This is according to former learners of the MM Sebitloane Special School based in Taung, North West, who are now working for the school.

The school caters for students who have special educational needs due to severe and moderate learning difficulties, physical disabilities, autism, and Down Syndrome among others.

Innocentia Msikinya who completed school in 2019 has moderate learning difficulties and was unable to cope in mainstream schools. However, she didn’t allow this to determine her future.

She is currently not just excelling as an athlete but is also a qualified nail technician, a skill she learned at special school which is helping her to earn a good income.

“I take time to process information and people who are not informed call us slow learners, which is wrong. In 2019 before I completed school, I went for a course in Pretoria for nails, so I am a professional nail technician. So even at home I have my own store, so I have an income and now I am a nail technician class assistant where I attended school,” says Msikinya.

“The mainstream learners labelled us as mad people, saying that we are disabled, so it was very challenging because we had to change our uniforms. I’m glad that our principal saw that because now we have got our own transport.
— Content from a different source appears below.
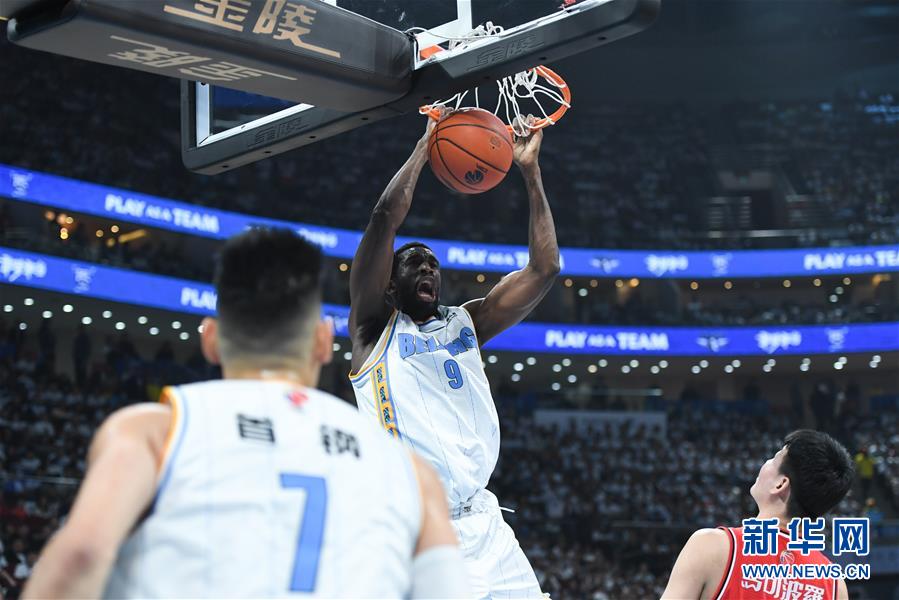 12月8日,北京首钢队球员尤度(中)在比赛中扣篮。 当日,在2019-2020赛季中国男子篮球职业联赛(CBA)常规赛第14轮比赛中,北京首钢队主场以102比100战胜深圳马可波罗队。 新华社记者鞠焕宗摄

That is painful but now what makes me strong again is that the same learners who told me that I am crazy came and asked me to do her nails and they were very happy when I was done.”

Other former learners have also managed to get employment. Bokamoso Khosi is designing uniforms for the school, while Thuto Monchonyane is teaching carpentry and upholstery.
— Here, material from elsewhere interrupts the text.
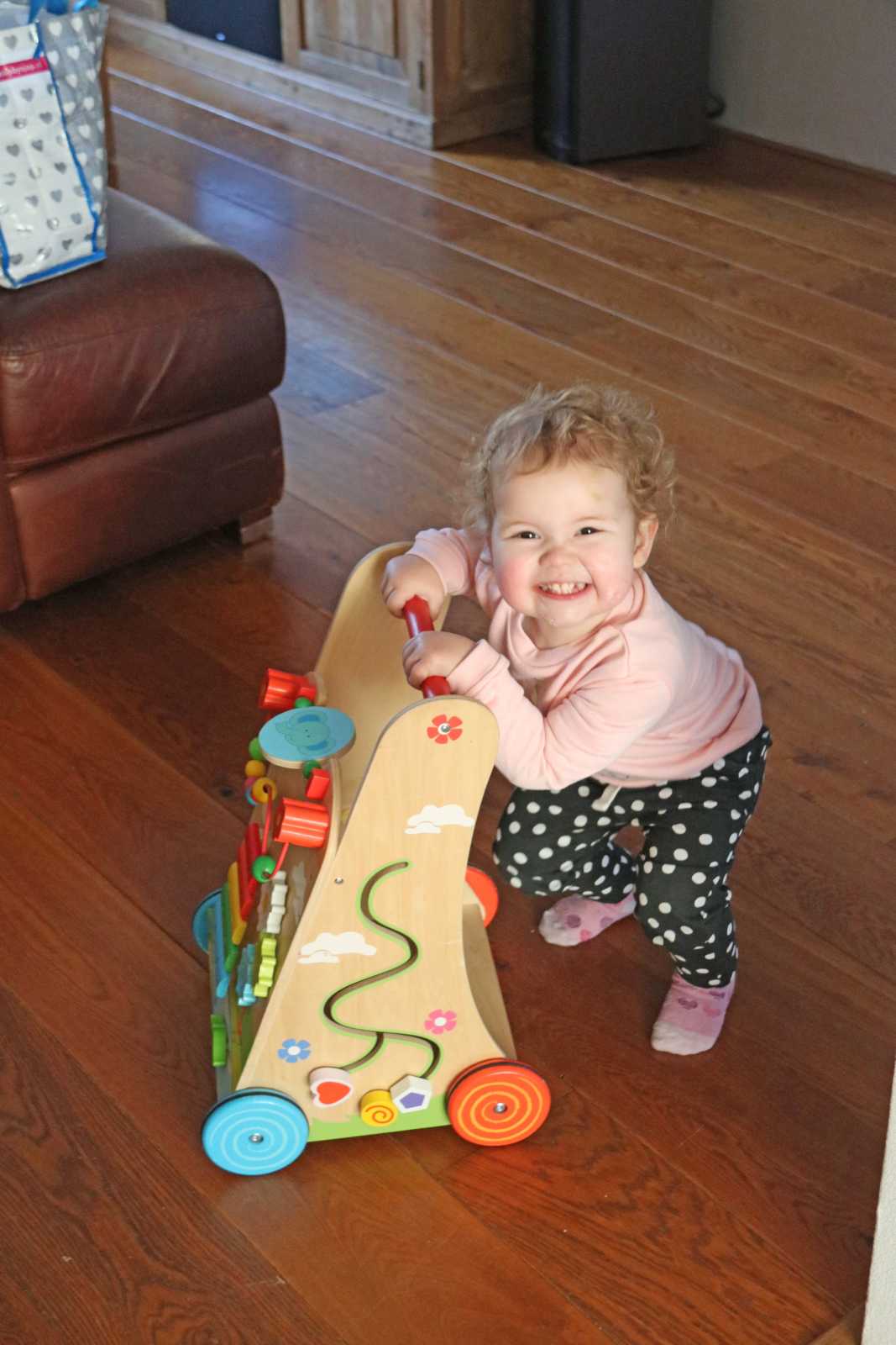 19 februari: We moesten thuis nog even poseren met de loopwagen van Yfke die weg zou gaan.........

Bokamoso Khosi say that, “it is only here at Sebitloane where I have learnt how to sew because I couldn’t make it at normal schools. I came here and acquired this skill and now I make income at home.”

Thuto Monchonyane a former leaner at the same school says that carpentry special schools are important because they help learners with special needs a lot. It happens that you can’t be corporate at extreme schools and when you come to special schools, you get the needed assistance.

The school Principal Boipelo Mmokwa says this empowerment programme benefits all skilled learners.

“We cannot be able to appoint all our former learners. We go outside to invite parents to the school so we can discuss this program, subsidizing the learners to go and buy what they need, the machines. Some of the people outside they see special schools as dumping sides, whereas learners can do things they can’t even believe,” says Mmokwa.

The school governing body says parents should not be ashamed when their children struggle to cope in mainstream schools but rather seek information on how they can be assisted.

The SGB chairperson Andries Swarts says that “if learners are struggling, there are programs at normal schools whereby learners are referred to the special schools. Such learners are like any kid or learner attending at normal schools. We encourage parents to seek information and get necessary assistance.”

These young newly established entrepreneurs are grateful for the opportunities they have been given and hope to improve the economy by creating employment in the near future.